Estimated reading time: 5 minutes 57 seconds

"Emotizing" is yet another word that cannot be found in English dictionaries so let me explain the term. I have coined the term "Emotizing" to describe the process of using emotions to make decisions on investments. Of course, our behavioral biases and emotions are one of the aspects of decision-making nevertheless they play an important role. In an ideal world, all investors should go about the business of investing very logically and unemotionally as prescribed by the modern portfolio theory. However, humans are irrational in many ways. We have our preferences, likes, dislikes and biases in everything we do. Investment activities are not immune to this behavior. This article captures some very common but universally exhibited "Behavioral Biases". The order in which the biases are listed does not imply any importance or priority. While it is difficult and probably not desirable to eliminate the emotional aspect completely, one can try to minimize it.

Loss Aversion

A loss in investment creates more sorrow than a gain in investment brings joy. Invariably, we end up holding loss-making investments in the hope of recouping our losses. In the process, an investor increasingly takes greater risk. This can lead to a gambling kind of behavior where a gambler keeps increasing the bets in order to recover the losses. "Losing your shirt" is the term that comes to my mind. Investors also tend to believe that liquidating a loser amounts to accepting that they made a mistake. So, the natural reaction is to delay that acceptance. Investors should remember that the ultimate goal of any portfolio is to generate returns with an acceptable level of risk. For example, an investment bought at Rs. 100 and currently at Rs. 50 may take forever to recover the loss whereas a fundamentally better investment will definitely reach the Rs. 100 mark from Rs. 50 (assuming the loss-making investment is sold off and the proceeds are reinvested) in much lesser time with much higher probability. The investor's goal is still met without taking higher risk. Initially, it can be a gut wrenching exercise but all investors should have a hard look at negative investments and go through the fundamental analysis. If the conclusions determine "Sell" call then take the bitter pill in order to maintain your financial health.

Fear of Regret

Fear of regret can lead investors to being in their "comfort" zone. Investments in bank Fixed Deposits, Recurring Deposits, Insurance money-back products are some examples of "comfortable" investments. By deliberately excluding stocks, bonds and other asset classes, investors want to avoid being in the position of possible regret. If an investor has lost money or made wrong calls in the past then it is likely that he/she will become unnecessarily risk averse. Thus, the investor will fail to hold investments that could improve the return/risk characteristics of the portfolio.

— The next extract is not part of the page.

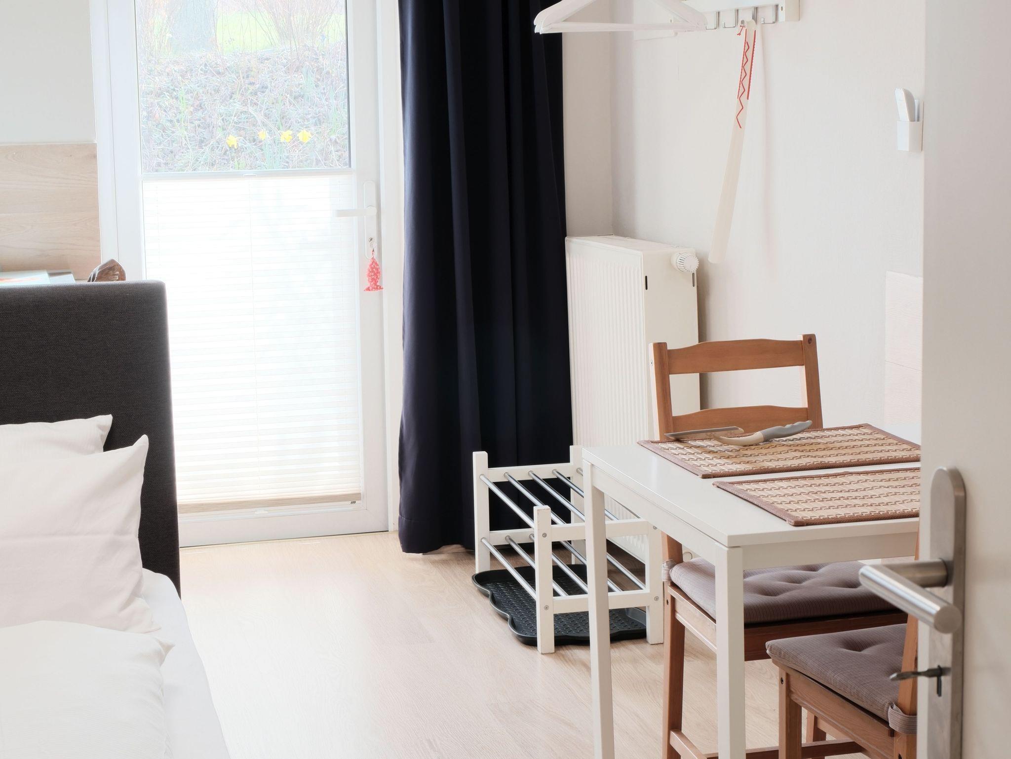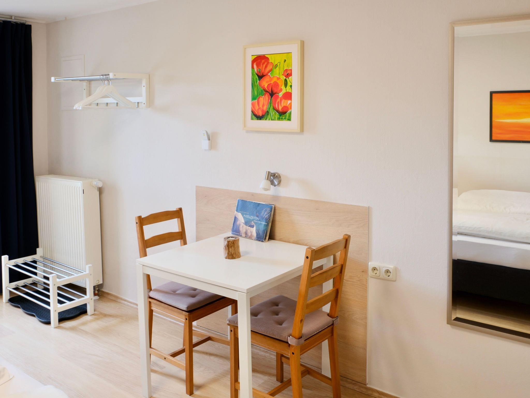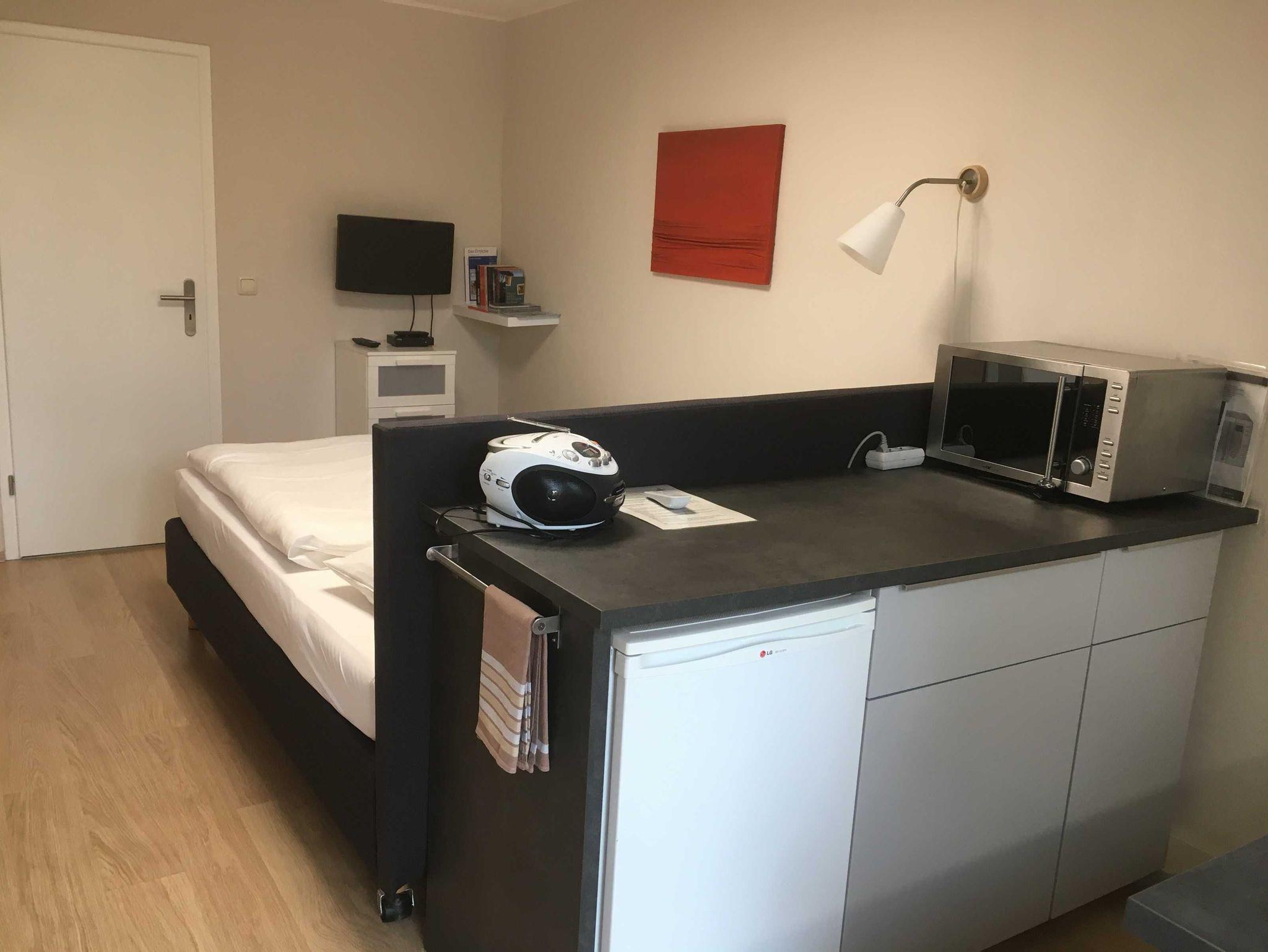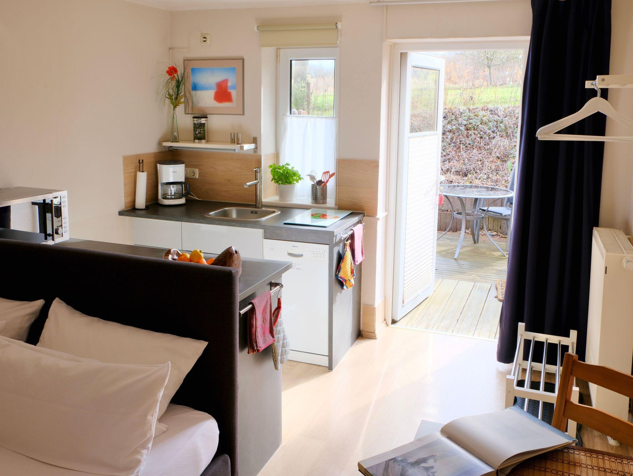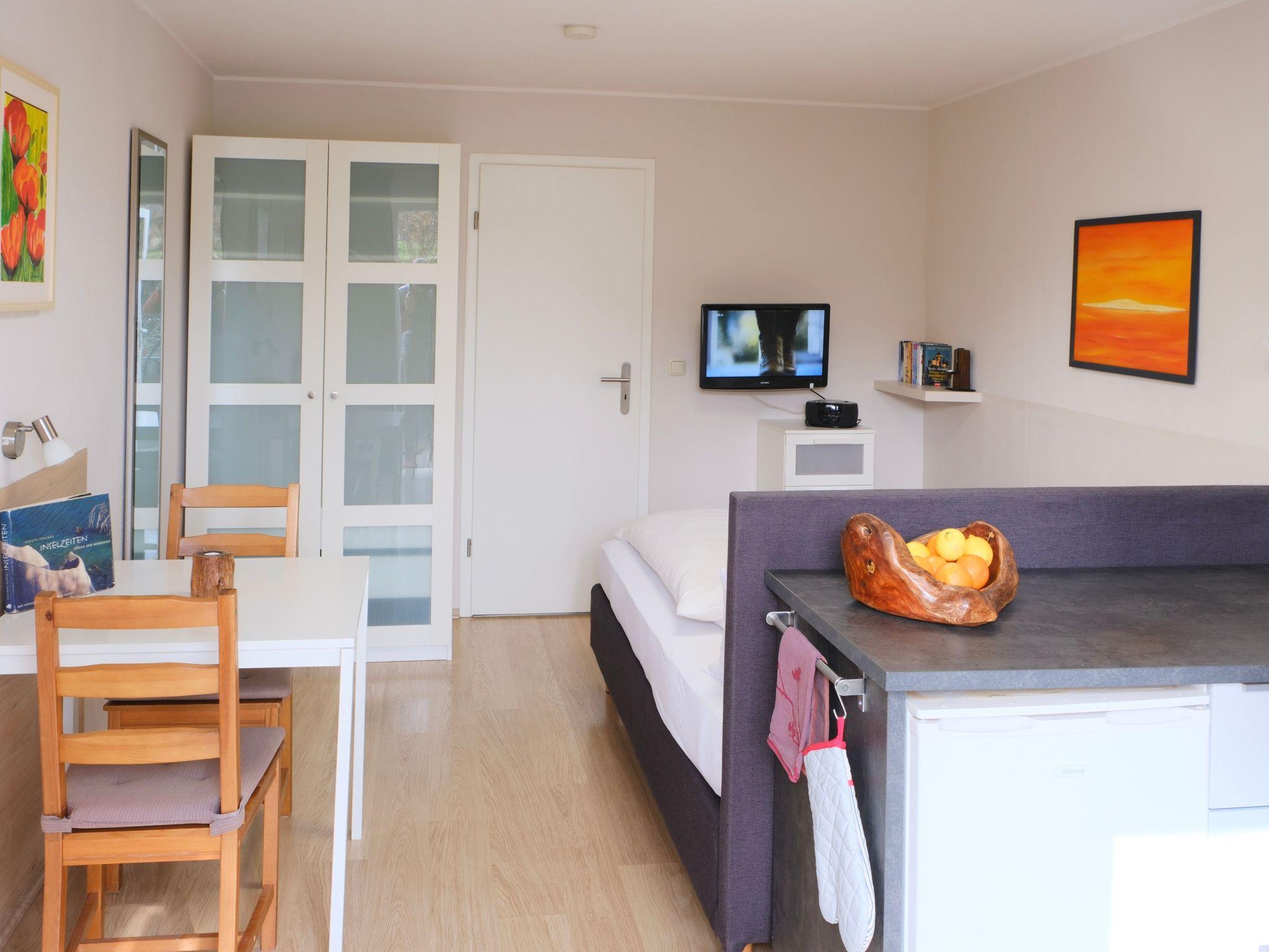 Das Studio Klatschmohn ist eine 20 qm große 1-Raum-Wohnung für 1 - 2 Personen und besteht aus einem kombinierten Wohn-/Schlafraum mit integrierter Küchenzeile, Bad, Terrasse (8 qm).

Maintaining Status Quo and Inertia

If it does not hurt then maintain the status quo is a mantra followed by many individuals. But there is an associated opportunity cost. Since it is difficult to quantify the opportunity cost, investors do not feel a sense of urgency in taking actions. This is akin to not taking preventive health measures until an individual encounters a health issue. While we don't have to squeeze every penny out of our investments, it is prudent to consider the available options and exercise those so that money is not left on the table. For example, money in a savings bank account can be put in liquid funds to earn extra returns without adding any risk to the portfolio. There are many such instances of portfolio enhancements that can be done rather than being inert and maintaining the current allocation. Opportunity cost in itself is an interesting topic so I will write more about it in a future article.


How many times we may have heard someone say that they will sell the investment at a particular price or return. Investors have a tendency to be anchored to a value (price, return) which hinders them from taking timely decisions. While investors can set return targets based on fundamental analysis but they should keep reevaluating as and when new information becomes available. The adjustment to the targets and any required actions should be taken promptly.


In this Internet age, information is available at finger tips. With the onslaught of television programs, news media, internet sites dedicated to investments advice and related material, investors increasingly feel empowered to make the right investment decisions. This is a very healthy trend however this also tends to make individuals feel over-confident in their abilities. During the dot com boom in the year 2000, anyone who would have invested in the US market in a dot com company would have made handsome returns and believed in his/her superior investment picking skills. Similarly until the crash of 2008, investments made during 2003-2008 period in the Indian market would have fetched excellent returns and made most people feel like "Investment Gurus" for a very long time. Each individual also likes to believe that he/she has access to better information and he/she is better at interpreting information than others.

Lack of Discipline

The lack of discipline comes from the need for instant gratification. The long-term goals are not balanced with the short-term financial needs which lead to fewer savings and more consumption. Further, if an individual borrows to meet the short term needs then it he/she throws fiscal prudence to winds. "Cut your coat according to your cloth". One of the ways to achieve the discipline is by enrolling for Systematic Investment Plan every month. Many people also avoid credit cards so that they don't put unnecessary purchases on the card and end up with higher debt.

Mental Accounting

Mental accounting is "Bucketizing" investments to meet each goal. My previous article explained this behavioral bias in detail and how it leads to sub-optimal allocation of investments. The alternate approach of two "buckets" - Short-Term and Long-Term Assets - helps investments allocation in the context of overall portfolio, its return, its risks and correlation amongst the underlying asset classes.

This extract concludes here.